== REQUIRED WORK ==
Go through the entries below and retype them exactly, omitting each picture.

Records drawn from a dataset

━━━━━━━━━━━━━━━━━━━━

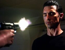 Three years into the future, Claire bursts into a terrorist cell firing two guns. A terrorist magnetically forces the guns out of her hands.
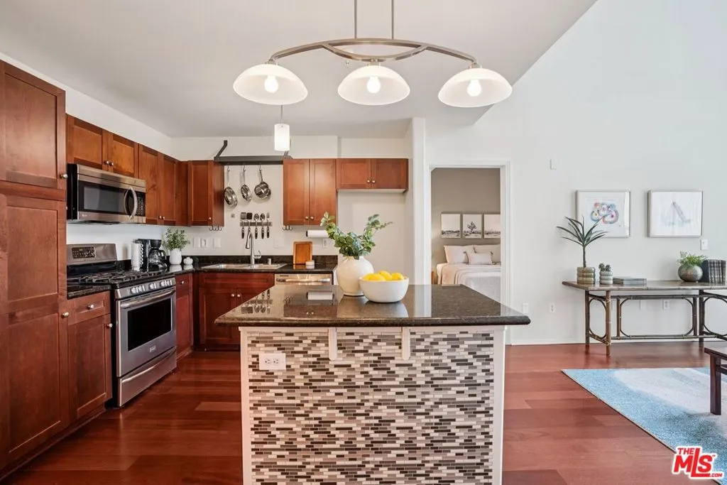 Top-floor 2BR + loft at Savoy in the heart of Little Tokyo in one of Downtown LA's most vibrant and evolving neighborhoods, now buzzing with energy at near pre-pandemic levels. This highly sought-after lofted floor plan offers dramatic volume with soaring ceilings and expansive windows that bring in beautiful natural light and open views of blue skies above. The open-concept living, dining, and kitchen layout flows effortlessly, anchored by rich wood flooring. The kitchen boasts a breakfast island, granite counters, stainless steel appliances, and a newer stove and dishwasher. The versatile loft space is ideal for a home office, guest area, or creative studio. The primary bedroom offers a quiet retreat, while the second bedroom provides flexibility for guests or additional workspace. Additional upgrades include a newer HVAC system (replaced in 2022, approx. $10K). Two parking spaces are included, equipped with an EV charger, an exceptional convenience. Savoy is known for its lush landscaped courtyards and resort-style amenities including pool, spa, fitness center, screening room, business center, rooftop deck, and 24-hour attended lobby with guest parking. Just moments from Little Tokyo's best dining, cafes, markets, and cultural landmarks, with easy access to the Arts District and major transit lines. A rare opportunity to own one of the most desirable layouts in a prime Downtown location.
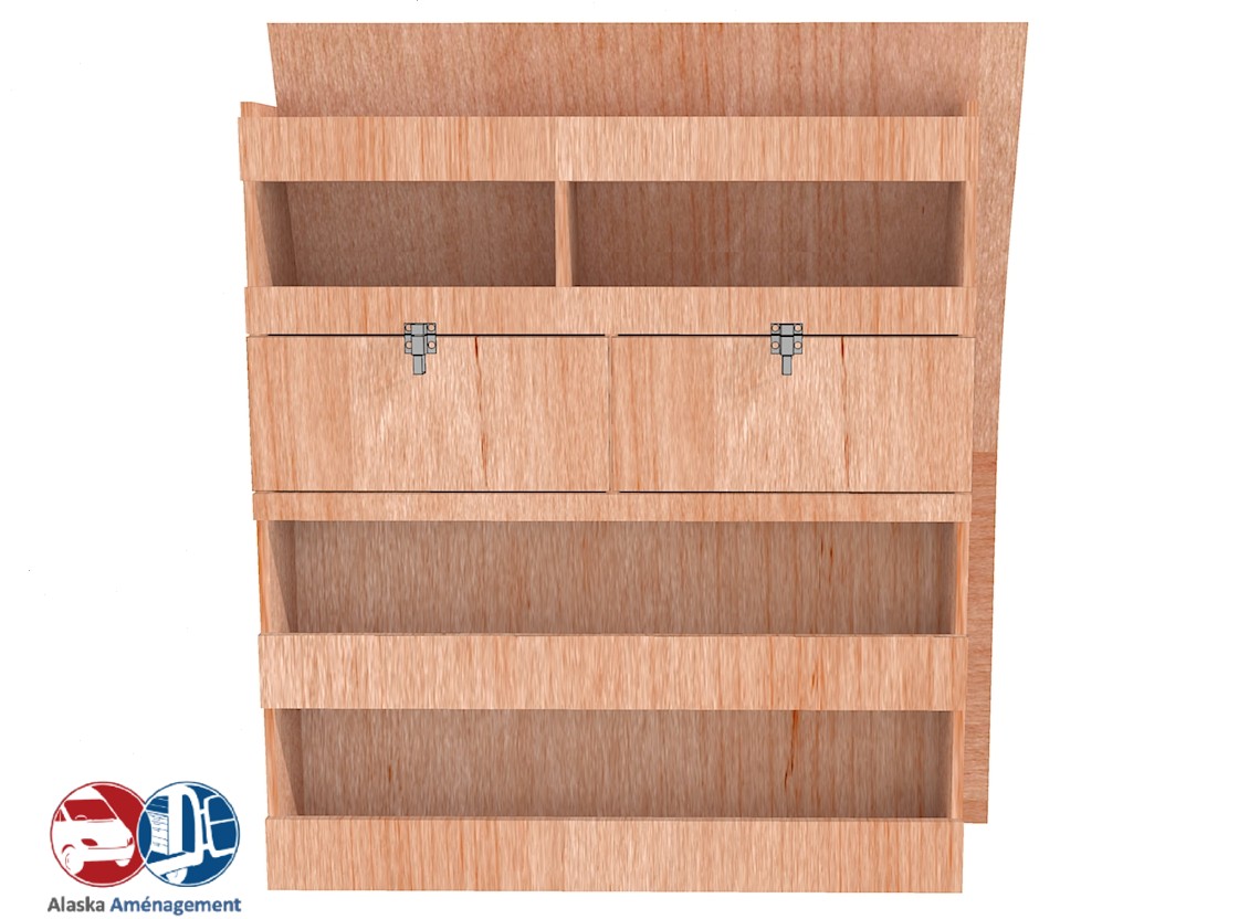 Ce meuble de rangement KRD102-N (pour le latéral « Droite » de votre véhicule) offre une solution de stockage polyvalente et fonctionnelle avec cinq niveaux de stockage. Il comprend des étagères pour bacs à bec et des clapets basculants. Une étagère supérieure est conçue pour les objets longs. Son fond arrière intégré assure la rigidité et protège la carrosserie du véhicule, évitant un habillage supplémentaire. Le meuble est disponible en contreplaqué brut ou filmé. |
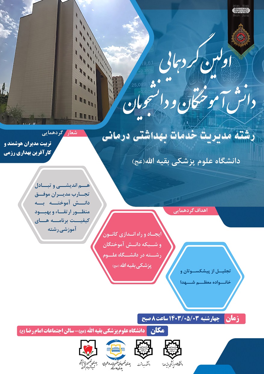 گردهمایی دانش آموختگان رشته مدیریت خدمات بهداشتی و درمانی دانشگاه علوم پزشکی بقیه ا...الاعظم در تاریخ 3 مرداد ماه سالجاری برگزار خواهد شد.
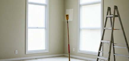 Application de peintures, papiers peints et autres éléments décoratifs.
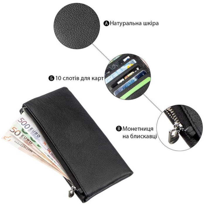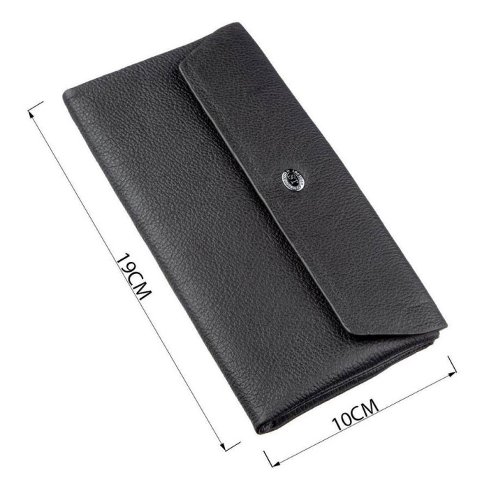 Неабиякий жіночий клатч на всі випадки життя з натуральної шкіри. Виконано в чорному кольорі, завдяки чому, підійде під будь-який гардероб своєї господині. Вас обов'язково здивує висока якість даного аксесуара, а значить, він прослужить Вам дуже довго. В даний гаманець-клатч поміститься все необхідне, від грошових купюр до кредитних карток. На тильній стороні розташована кишеня на блискавці для монет або інших цінних дрібниць, що дуже зручно і практично. Ви можете придбати виріб, як для себе улюбленої, так і на подарунок близькій людині. У будь-якому випадку власниця гаманця залишиться задоволеною. Упакований клатч в фірмову коробку білого кольору з картону.
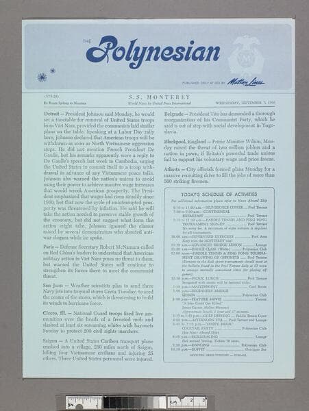 "World news by United Press International"--front cover, below title. Daily onboard newsletter with press releases, list of activities, shipboard news, noon position for the previous day, and arrival information. Focus of item: Monterey.
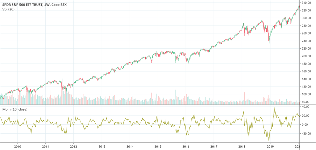 The momentum indicator does not provide a lot of information beyond what can be seen just by looking at the price chart itself. If the price is aggressively moving higher, it prints on the price chart and on the momentum indicator.
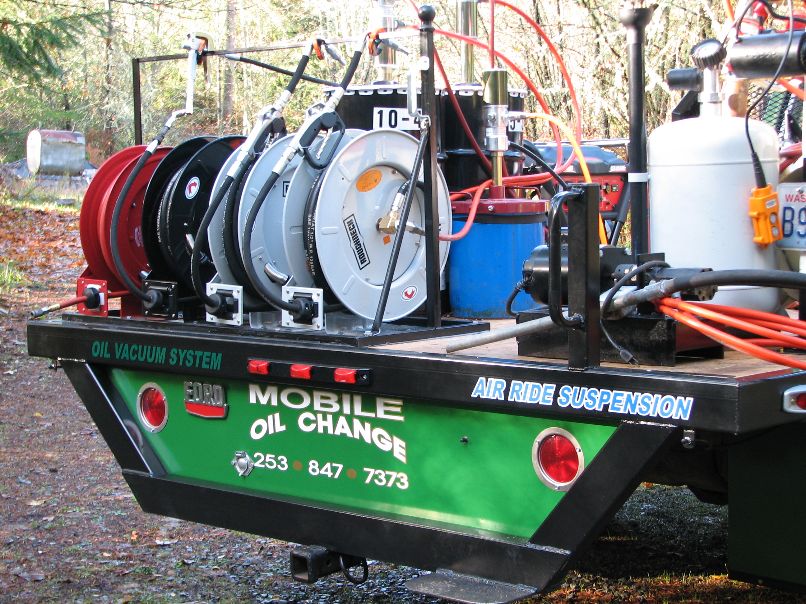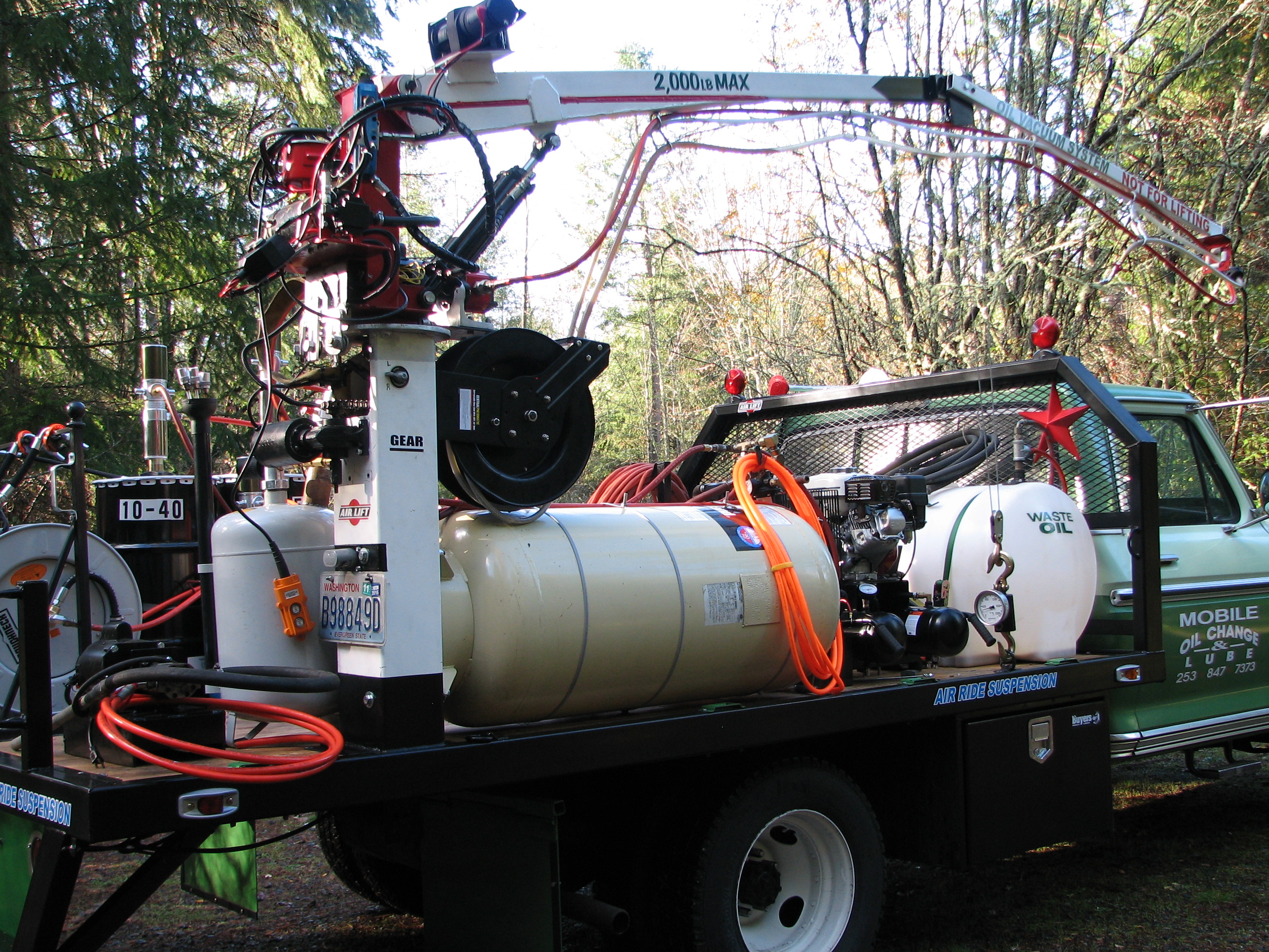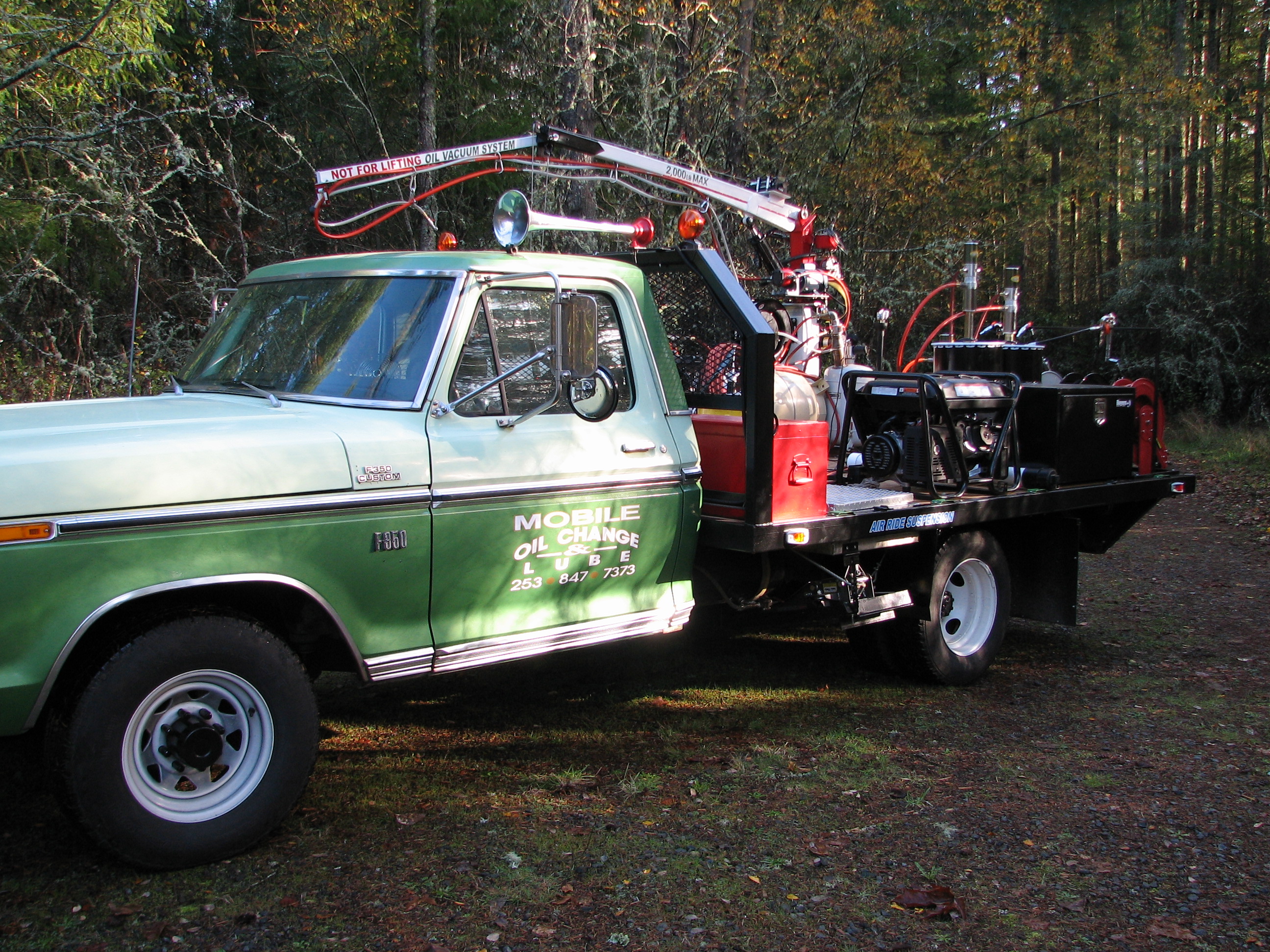 We have a 'state of the art' vacuum system having 12 different probes that will fit down the dipstick tubes. One for most any car, truck or equipment. We then vacuum the oil out which goes to a 'waste oil tank', never spilling a drop of oil. We change your oil with CHEVRON oil, new filter, and lube the front end of your vehicle. All fluids are inspected including radiator, battery, charging system, power steering, check brakes, tire pressure and then do a diagnostic scan to let you know if your vehicle needs any mechanical work. Note: we do not do any mechanical work. The charge is only $39.95 plus tax for this service if your vehicle is located within a 12 mile radius. We can go farther out for two or more vehicles. For large trucks and heavy equipment the charge is $50.00 hour plus oil and filters. The nice thing is you don't have to leave your home or place of business....
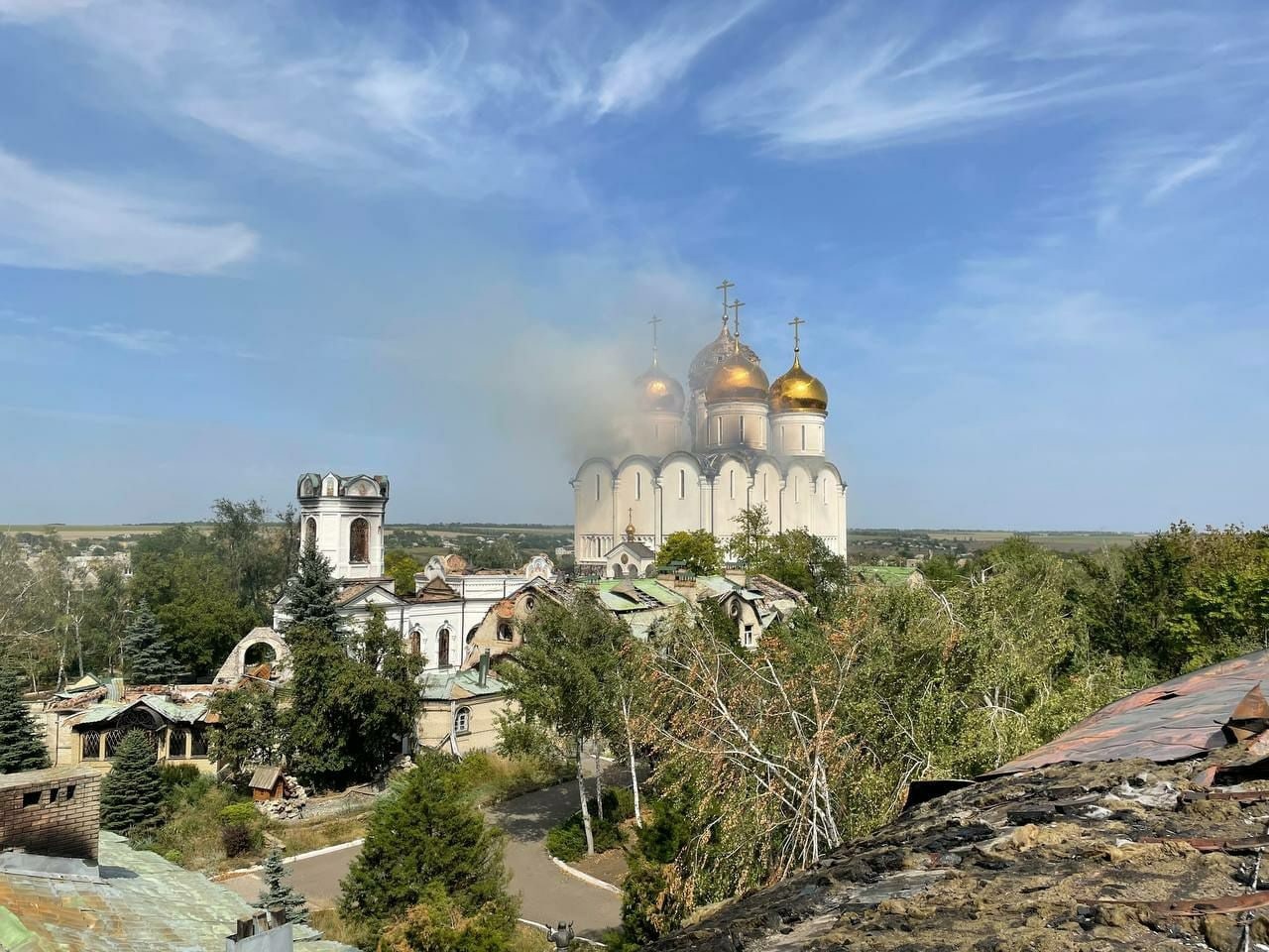 Два купола Успенского собора во время обстрела повреждены. Снаряды дважды прошили верхушку собора насквозь. Купола можно восстановить. То, что они не обрушились и не загорелись, в обители считают чудом.

━━━━━━━━━━━━━━━━━━━━

== WRITTEN ANSWER ==
 Three years into the future, Claire bursts into a terrorist cell firing two guns. A terrorist magnetically forces the guns out of her hands.
 Top-floor 2BR + loft at Savoy in the heart of Little Tokyo in one of Downtown LA's most vibrant and evolving neighborhoods, now buzzing with energy at near pre-pandemic levels. This highly sought-after lofted floor plan offers dramatic volume with soaring ceilings and expansive windows that bring in beautiful natural light and open views of blue skies above. The open-concept living, dining, and kitchen layout flows effortlessly, anchored by rich wood flooring. The kitchen boasts a breakfast island, granite counters, stainless steel appliances, and a newer stove and dishwasher. The versatile loft space is ideal for a home office, guest area, or creative studio. The primary bedroom offers a quiet retreat, while the second bedroom provides flexibility for guests or additional workspace. Additional upgrades include a newer HVAC system (replaced in 2022, approx. $10K). Two parking spaces are included, equipped with an EV charger, an exceptional convenience. Savoy is known for its lush landscaped courtyards and resort-style amenities including pool, spa, fitness center, screening room, business center, rooftop deck, and 24-hour attended lobby with guest parking. Just moments from Little Tokyo's best dining, cafes, markets, and cultural landmarks, with easy access to the Arts District and major transit lines. A rare opportunity to own one of the most desirable layouts in a prime Downtown location.
 Ce meuble de rangement KRD102-N (pour le latéral « Droite » de votre véhicule) offre une solution de stockage polyvalente et fonctionnelle avec cinq niveaux de stockage. Il comprend des étagères pour bacs à bec et des clapets basculants. Une étagère supérieure est conçue pour les objets longs. Son fond arrière intégré assure la rigidité et protège la carrosserie du véhicule, évitant un habillage supplémentaire. Le meuble est disponible en contreplaqué brut ou filmé. |
 گردهمایی دانش آموختگان رشته مدیریت خدمات بهداشتی و درمانی دانشگاه علوم پزشکی بقیه ا...الاعظم در تاریخ 3 مرداد ماه سالجاری برگزار خواهد شد.
 Application de peintures, papiers peints et autres éléments décoratifs.
 Неабиякий жіночий клатч на всі випадки життя з натуральної шкіри. Виконано в чорному кольорі, завдяки чому, підійде під будь-який гардероб своєї господині. Вас обов'язково здивує висока якість даного аксесуара, а значить, він прослужить Вам дуже довго. В даний гаманець-клатч поміститься все необхідне, від грошових купюр до кредитних карток. На тильній стороні розташована кишеня на блискавці для монет або інших цінних дрібниць, що дуже зручно і практично. Ви можете придбати виріб, як для себе улюбленої, так і на подарунок близькій людині. У будь-якому випадку власниця гаманця залишиться задоволеною. Упакований клатч в фірмову коробку білого кольору з картону.
 "World news by United Press International"--front cover, below title. Daily onboard newsletter with press releases, list of activities, shipboard news, noon position for the previous day, and arrival information. Focus of item: Monterey.
 The momentum indicator does not provide a lot of information beyond what can be seen just by looking at the price chart itself. If the price is aggressively moving higher, it prints on the price chart and on the momentum indicator.
 We have a 'state of the art' vacuum system having 12 different probes that will fit down the dipstick tubes. One for most any car, truck or equipment. We then vacuum the oil out which goes to a 'waste oil tank', never spilling a drop of oil. We change your oil with CHEVRON oil, new filter, and lube the front end of your vehicle. All fluids are inspected including radiator, battery, charging system, power steering, check brakes, tire pressure and then do a diagnostic scan to let you know if your vehicle needs any mechanical work. Note: we do not do any mechanical work. The charge is only $39.95 plus tax for this service if your vehicle is located within a 12 mile radius. We can go farther out for two or more vehicles. For large trucks and heavy equipment the charge is $50.00 hour plus oil and filters. The nice thing is you don't have to leave your home or place of business....
 Два купола Успенского собора во время обстрела повреждены. Снаряды дважды прошили верхушку собора насквозь. Купола можно восстановить. То, что они не обрушились и не загорелись, в обители считают чудом.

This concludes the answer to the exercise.